Congenital heart disease is seen more frequently in some single gene defects and chromosomal abnormalities; for example, approximately 40% of children with Down Syndrome have overt heart disease, 50% of which can be congenital heart diseases such as endocardial pillow defect, VSD, PDA, and TOF [14]. In our study, a chromosomal anomaly was found in 9 (7.9%) patients. Of these patients, 5 had Down Syndrome, 2 had Di George Syndrome, 1 had Turner Syndrome and 1 had Edward Syndrome. In a study by Park et al., endocardial cushion defect (43%) was the most common anomaly in patients with Down syndrome, followed by VSD (32%) [15]. In a study by Meberg et al. [16], Edwards Syndrome was detected 2.1% (58%), in the study of Dorfman et al. 0.5% [9]. In our study, Edwards Syndrome was found at a rate of 0.87%. In Down syndrome patients, there is overexpression of the DSCAM (Down syndrome cell adhesion molecule) gene that creates an imbalance in the epithelial-mesenchymal transformation that leads to a defect in mesenchymal migration and proliferation that causes CHD [17].
Compared to normal babies born in the same gestational week, low-birth-weight babies are more likely to have ASD, VSD, tetralogy of Fallot, hypoplastic left heart syndrome, pulmonary stenosis, or aortic coarctation {18,19]. In a study performed by Kadivar et al., the mean gestational age was 38 weeks, the mean birth weight was 2812 g, and the number of prematurity was 41 (16.9%) [8]. In the study of Aydoğdu et al., the mean birth weight was 2961 g, and 18% of the cases were prematüre [9]. In our study, 26 (22.8%) patients were preterm, 17 (14.9%) were low birth weight (under 2500 g), and the mean birth weight was 2.982+/ -740 g. The high rate of low-birth weight and high mean maternal gestational age suggests that these two factors may be influential in the etiology of CHD. Besides comorbidities are also effective risk factors. Maternal diabetes increases the incidence of congenital heart disease. If the mother has insulin-dependent diabetes mellitus, anomalies such as VSD, TOF and great vessel transposition may develop. In the study of Kadivar et al. [8], 9% of patients diagnosed with CHD were born to diabetic mothers. In our study, 6 of the patients (5.2%) had a maternal history of insulin-dependent diabetes mellitus, 2 (1.8%) had a maternal history of hypertension and antihypertensive drug use, and 4 (3.5%) had a maternal history of preeclampsia. Both maternal hypertension and diabetes affect maternal metabolism and cause endothelial dysfunction, which leads to CHD.

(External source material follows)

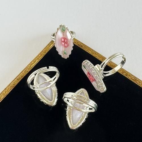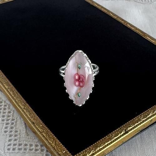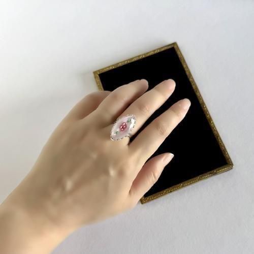 チェコ製 ハンドメイドガラスの指輪 花 ピンク
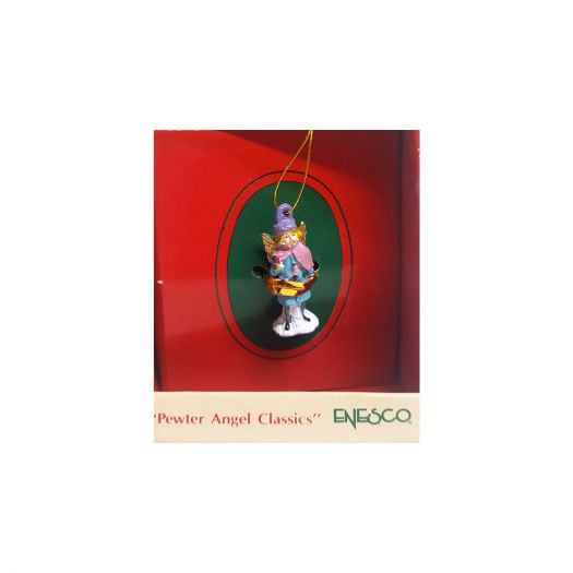 Vintage 1989 Enesco Small Wonders Pewter Angel Classics Miniature Ornament – Purple Hat, Pink Shaw, Blue Dress

It has been shown that folic acid deficiency increases the risk of cardiovascular anomalies in the fetus [20]. Therefore, it is recommended that folic acid supplements be administered to mothers starting one month prior to pregnancy and for two months after the start of pregnancy [20]. In our study, although the mothers of at least 57 (50%) patients regularly used iron, folic acid, and multivitamins during pregnancy, it was determined that many mothers either used folic acid irregularly or did not use it at all.